Dans le contexte des débordements qui ont accompagné le mouvement des « gilets jaunes », le gouvernement souhaitait durcir les sanctions contre les auteurs de violences ou de dégradations. Pour aller vite, il a repris à son compte une proposition de loi du sénateur de Vendée, Les Républicains, Bruno Retailleau qui visait les black blocs. Pourtant, quand le texte avait été adopté par le Sénat en octobre, les représentants de La République en Marche avaient voté contre. La gauche, elle, dénonçait déjà une atteinte aux libertés, notamment de celle de manifester.
Malaise au sein de la majorité
Plusieurs points du texte concentrent les critiques, y compris au sein de la majorité.

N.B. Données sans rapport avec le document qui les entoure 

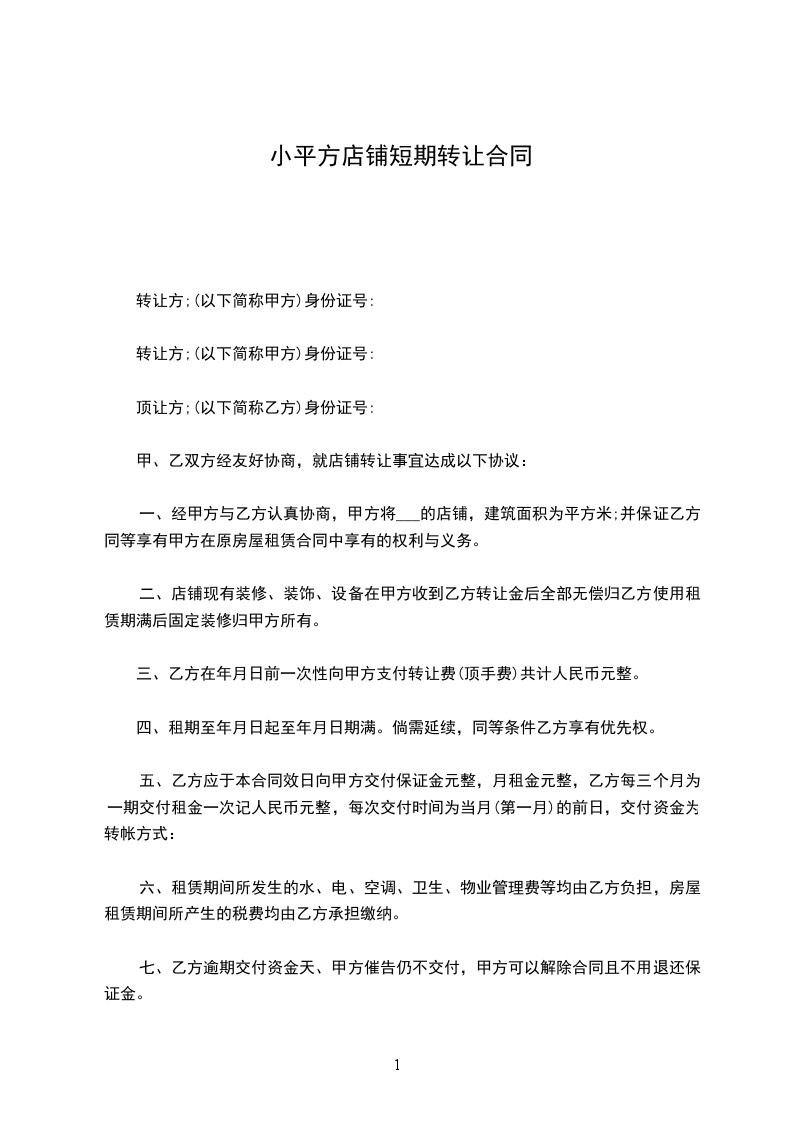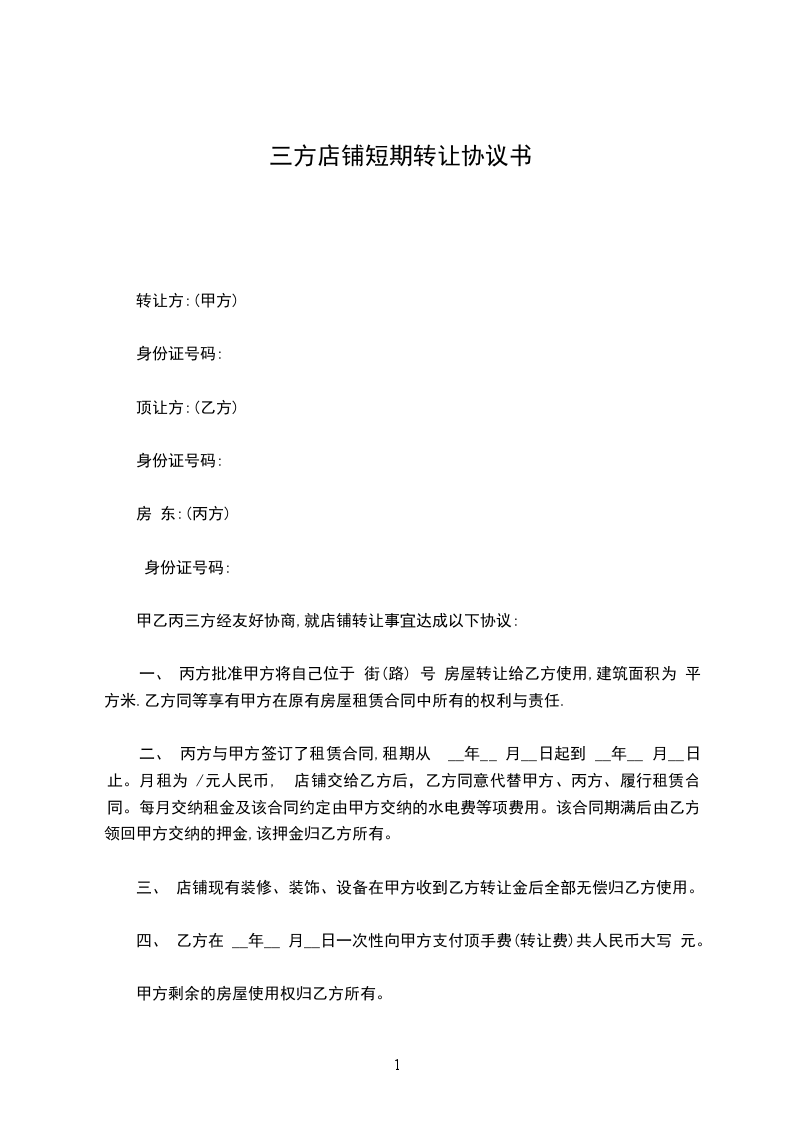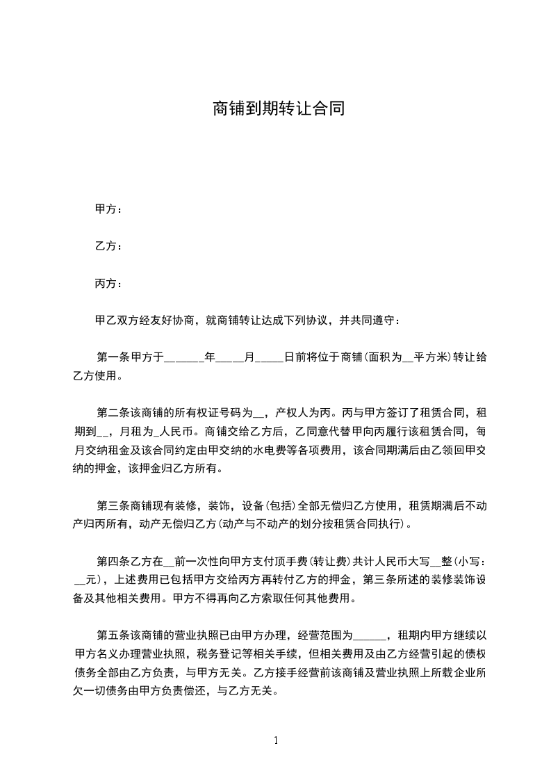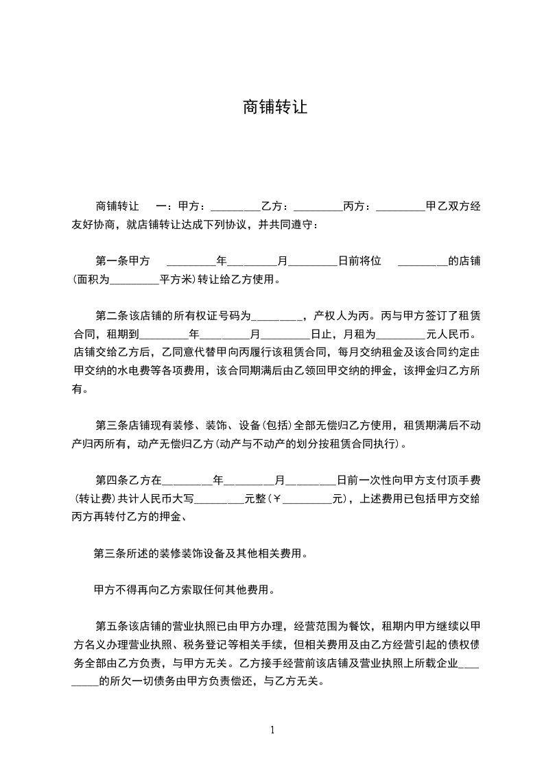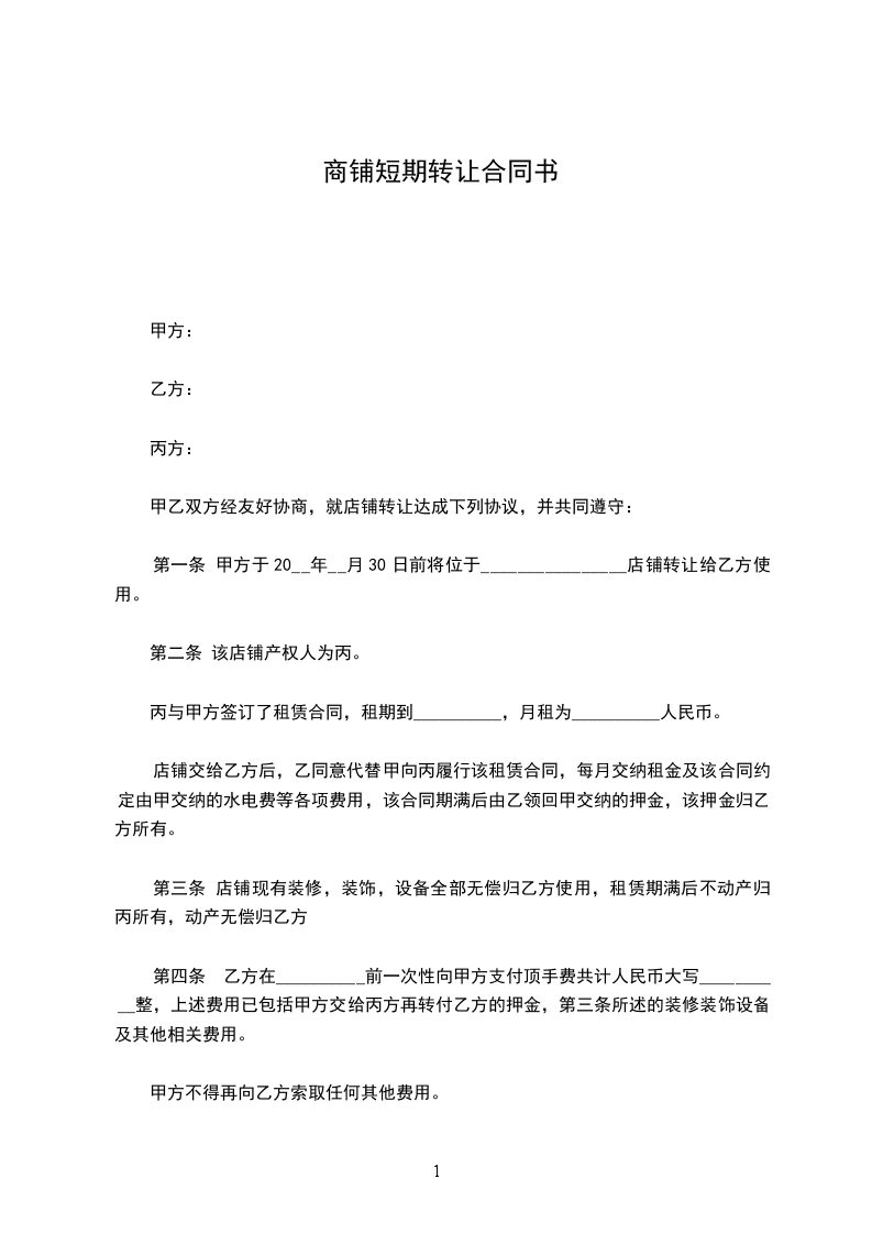 第一条 甲方于20__年__月30日前将位于________________店铺转让给乙方使用。

Et ce dès l'article 1. Cet article prévoyait initialement que le préfet puisse autoriser des palpations de sécurité et des fouilles de sacs « pendant les six heures qui précèdent » une manifestation et jusqu'à dispersion, « dans un périmètre délimité ». Plusieurs élus LREM et Modem se sont inquiétés d'une possible atteinte à la liberté de mouvement, mais aussi de la faisabilité de cette mesure qui nécessiterait de mobiliser des effectifs conséquents des forces de l'ordre. Le gouvernement doit donc proposer une nouvelle rédaction.
Parmi les autres points à revoir, on peut citer les interdictions administratives de manifester. Le texte initial proposait que les préfets puissent prononcer de telles interdictions à l'encontre d'individus susceptibles de représenter une menace grave pour l'ordre public, sous peine de six mois d'emprisonnement et 7 500 euros d'amende. Une trentaine de députés LREM ont déjà, en commission, réclamé en vain la suppression de cette disposition. Ils pointaient qu'elle risquait d'être déclarée inconstitutionnelle car attentatoire au droit de manifester; d'autant, soulignaient-ils, que la justice peut déjà prononcer ce type d'interdiction. La mesure doit donc être révisée en séance.

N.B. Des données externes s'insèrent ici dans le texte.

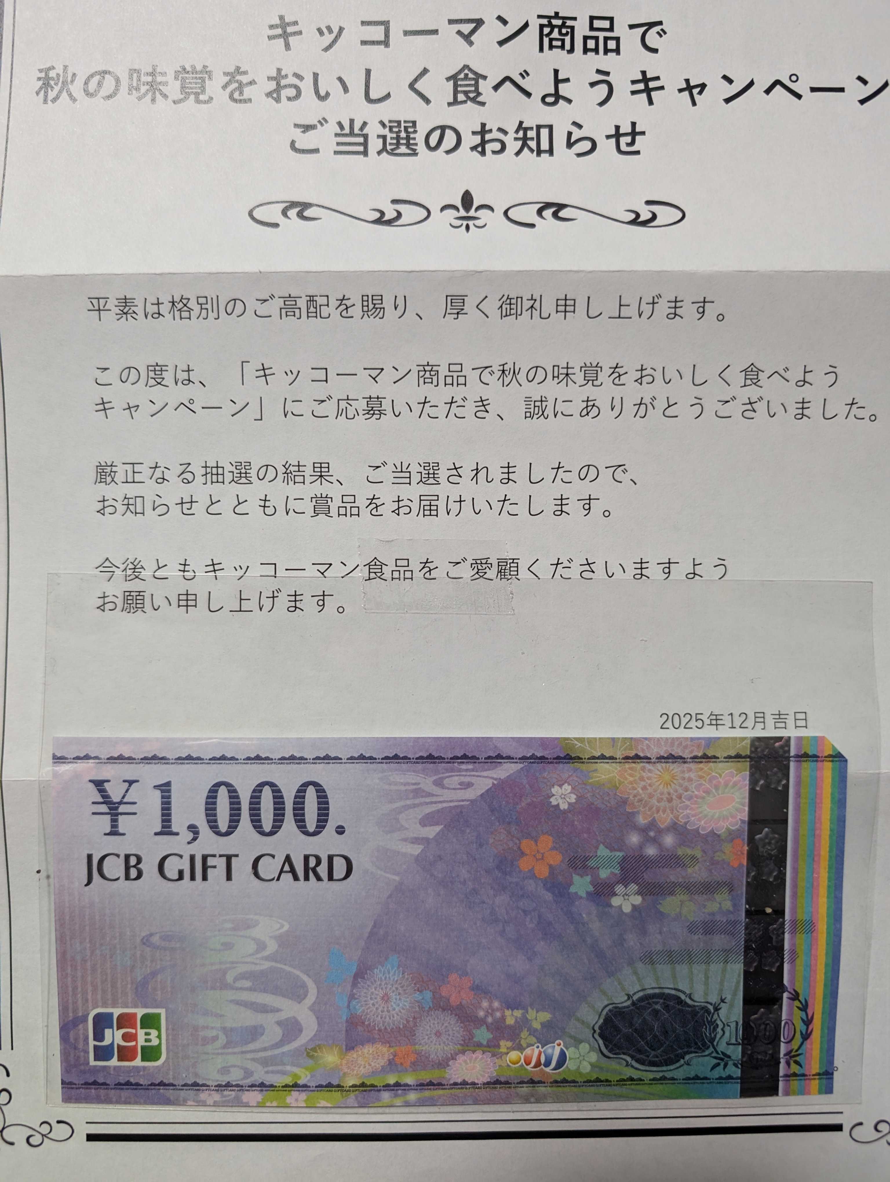 キッコーマンさんとプラントさんのキャンペーンでJCBギフトカード当選しました🎉WEBからとハガキからと当選しました🎉
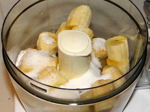 Combine 3 bananas,  150 grams sugar, 2 eggs, and 1 tsp vanilla extract in the bowl of the food processor.
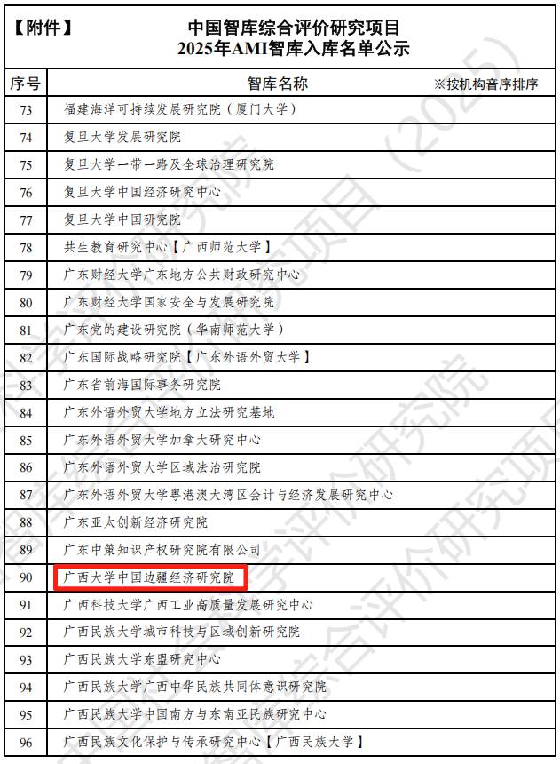 2025年7月25日,中国社会科学评价研究院公示了“中国智库综合评价研究项目(2025)”AMI智库入库名单。beat365手机版官网入口中国边疆经济研究院成功入选2025年AMI智库入库名单,是beat365手机版官网入口唯一一家入选的研究机构,更是国内唯一一家以“边疆经济”为研究方向入选的研究机构,标志着其在边疆经济领域的学术影响力、政策贡献和社会服务能力获得国家级权威认可。

Plus de 200 amendements déposés
D'autres dispositions ont déjà été réécrites par les députés en commission. La création d'un fichier national dédié aux personnes interdites de manifestations, comme il en existe un par exemple pour les hooligans interdits de stade, a été retoquée, à l'initiative de la rapporteure LREM Alice Thourot. Selon la nouvelle disposition, il n'y aurait donc pas de fichier spécifique, mais les individus visés par une interdiction judiciaire à manifester seraient inscrits au Fichier des personnes recherchées, qui existe déjà.
Autre exemple, concernant la création d'un nouveau délit de dissimulation du visage, passible d'un an de prison et 15 000 euros d'amende. Les députés ont précisé en commission que le port d'un casque ou d'une cagoule ne suffirait pas à constituer ce délit : il faudra aussi démontrer que la personne avait l'intention de participer à des troubles.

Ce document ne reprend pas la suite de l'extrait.